Philadelphia is the poorest large city in the United States. It’s also unusual in having a high proportion of homeowners compared to renters. Taken together, this means that poorer homeowners may lack the funds to maintain and make needed repairs to their homes, leaving them at risk of a variety of related health issues, including exposure to lead.
Two papers led by a group at the University of Pennsylvania explore how factors such as household income, building age, building code violations, proximity to former lead smelters, and other factors align with lead-toxicity risk, as evidenced by elevated blood-lead levels in children 6 years old and younger and lead content in soil samples from around the city.
In the first study, published in 2021 in the International Journal of Environmental Research and Public Health, the researchers used geospatial tools to develop a lead-toxicity-risk index that identified eight ZIP codes, mainly in North and West Philadelphia, as the most burdened by lead toxicity. The second study, published earlier this year in GeoHealth, took a finer-scale look at some of those at-risk communities, using census tract data. That analysis underscored the link between housing code violations and demolition of older homes to higher lead-exposure risks.
“More than 80% of the housing stock in Philadelphia was built before 1980, meaning that they likely contain lead paint,” says Reto Gieré, senior author on both papers and a professor in Penn’s Department of Earth and Environmental Science in the School of Arts & Sciences. The United States banned lead paint for residential use in 1978.
“Also, the city has had special policies to build affordable homes for low-income residents, so the rate of private homeownership is much higher than in most other cities,” he says. “While that is beneficial in some regards, we also found a correlation between the percentage of children with high blood-lead levels and homeownership.”
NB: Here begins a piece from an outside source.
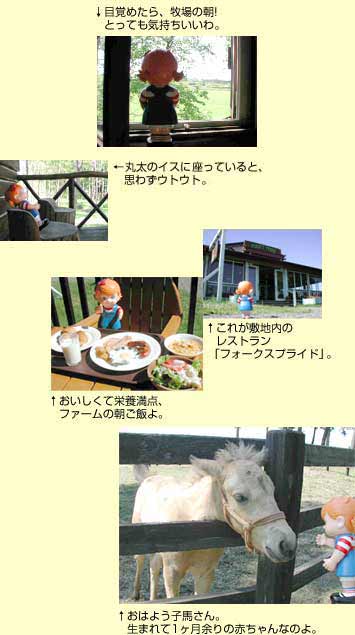 牧場の朝はとても気持ちいい。緑の中をかける馬を眺めながらぼんやり。こんな一時も牧場ならではの過ごし方ね。

The findings underscore the role of economic and racial disparities when it comes to lead toxicity. The U.S. Centers for Disease Control and Prevention recognizes that communities of color and low-income populations are at a higher risk of lead poisoning.
“Our data clearly show that lead exposure and poisoning are not only an environmental health problem but also an environmental-justice issue,” Gieré says.
Lead risks, from the ground up
Not only are children more susceptible than adults to lead’s toxic effects, they are also more likely to get exposed, playing outside in soil that may contain lead, or on the floor inside near lead-containing dust. In addition, young children often put objects or their hands in their mouths, increasing the likelihood of ingesting lead.
In Philadelphia, the percentage of children with elevated blood-lead levels (a concentration above 5 micrograms of lead per deciliter of blood) appears to be on the decline, with rates falling by half or more since 2008. Yet the lasting harm of lead poisoning to children’s cognitive capacities and other aspects of their development, as well as the unequal racial impact—Black children are more likely to have elevated blood-lead levels than other children—make it an issue that demands action, the researchers say.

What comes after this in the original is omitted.